◆ Exercise
Drop all pictures and repeat exactly the lines from the line holding "Create an EC2" through the end of the records.

(Beginning of The data)

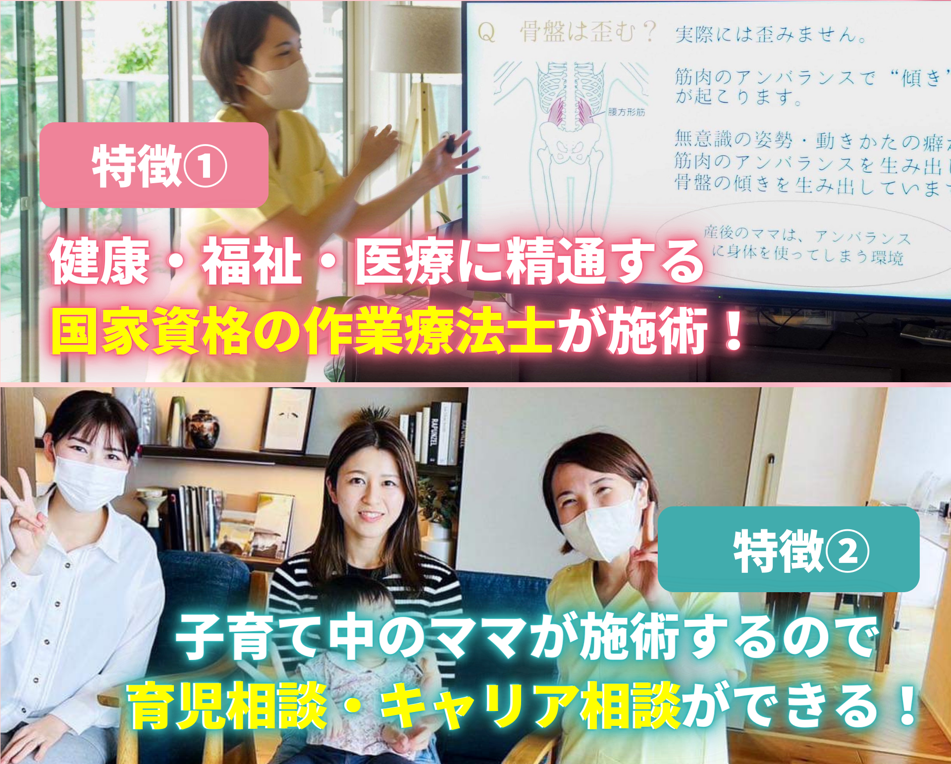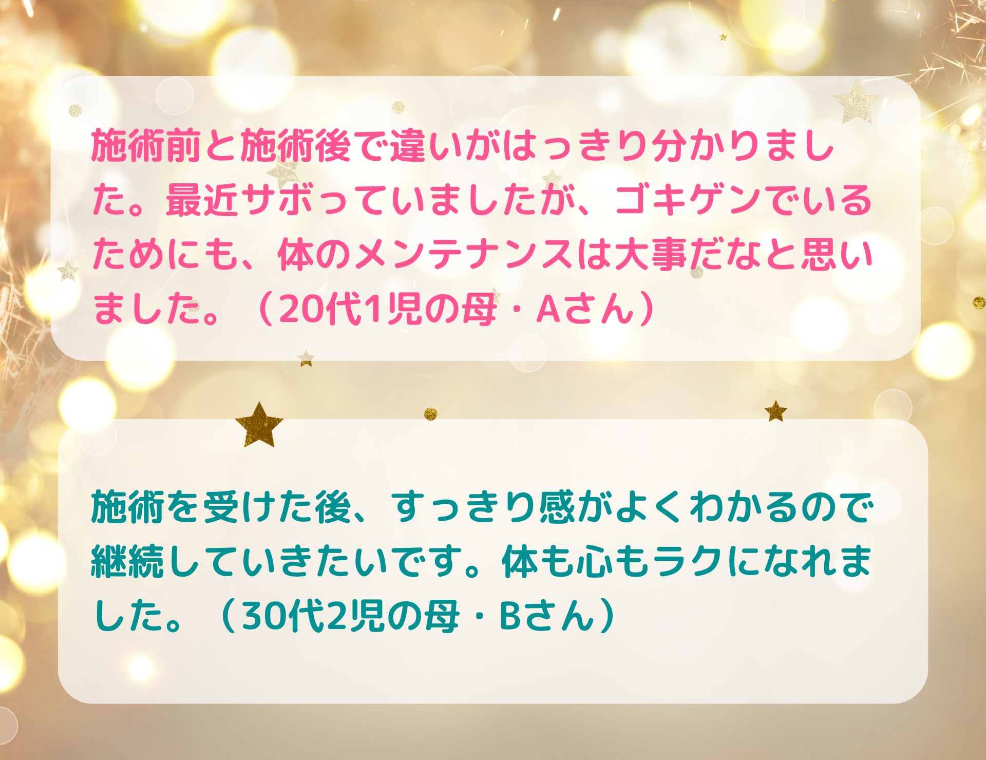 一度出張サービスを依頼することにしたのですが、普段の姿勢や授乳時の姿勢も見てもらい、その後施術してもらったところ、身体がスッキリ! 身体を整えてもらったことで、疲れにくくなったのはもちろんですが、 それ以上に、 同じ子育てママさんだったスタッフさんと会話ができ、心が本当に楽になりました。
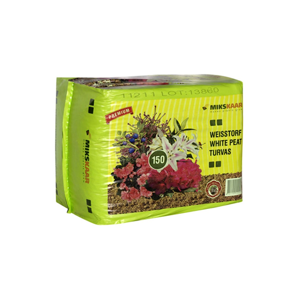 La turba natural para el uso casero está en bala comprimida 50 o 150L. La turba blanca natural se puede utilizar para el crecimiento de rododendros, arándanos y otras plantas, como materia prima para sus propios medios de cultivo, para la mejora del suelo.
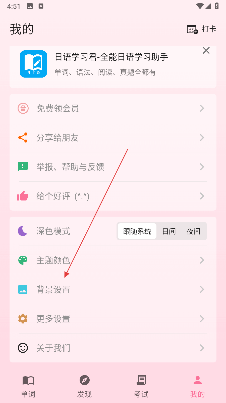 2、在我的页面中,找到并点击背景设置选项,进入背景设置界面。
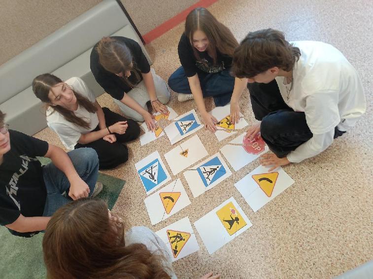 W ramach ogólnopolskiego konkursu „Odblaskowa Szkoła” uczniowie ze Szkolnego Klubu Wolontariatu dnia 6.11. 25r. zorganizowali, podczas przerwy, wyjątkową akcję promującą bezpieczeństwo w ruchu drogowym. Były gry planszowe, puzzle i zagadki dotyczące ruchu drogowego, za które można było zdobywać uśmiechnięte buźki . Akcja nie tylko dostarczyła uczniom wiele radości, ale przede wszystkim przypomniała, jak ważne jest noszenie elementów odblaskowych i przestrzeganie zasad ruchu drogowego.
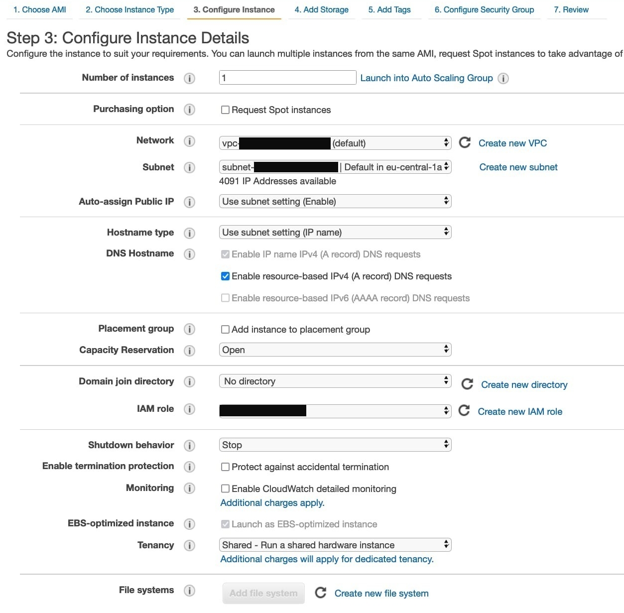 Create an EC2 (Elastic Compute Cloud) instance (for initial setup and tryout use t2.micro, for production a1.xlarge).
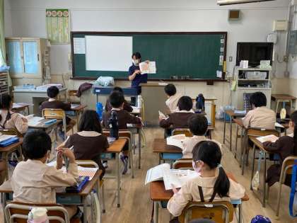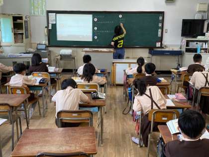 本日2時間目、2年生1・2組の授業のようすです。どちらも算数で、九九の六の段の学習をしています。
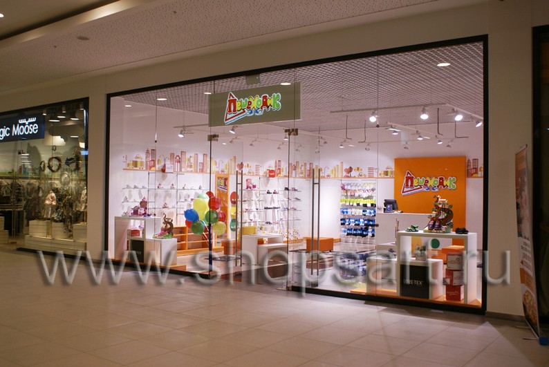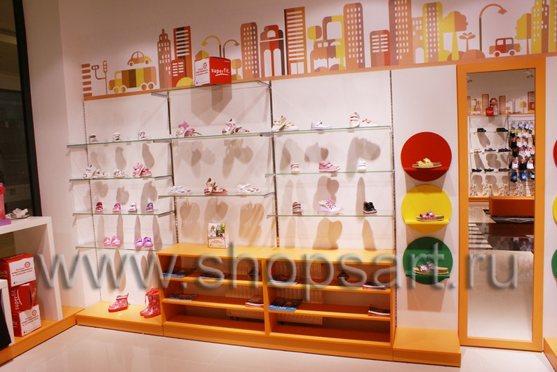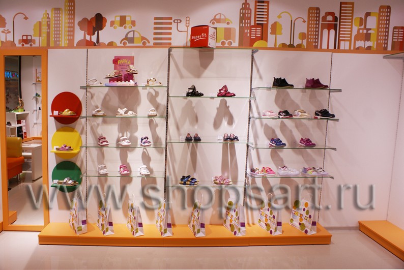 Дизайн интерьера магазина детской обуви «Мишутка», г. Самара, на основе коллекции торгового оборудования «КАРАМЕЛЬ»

(End of The data)

◆ Written response
 Create an EC2 (Elastic Compute Cloud) instance (for initial setup and tryout use t2.micro, for production a1.xlarge).
 本日2時間目、2年生1・2組の授業のようすです。どちらも算数で、九九の六の段の学習をしています。
 Дизайн интерьера магазина детской обуви «Мишутка», г. Самара, на основе коллекции торгового оборудования «КАРАМЕЛЬ»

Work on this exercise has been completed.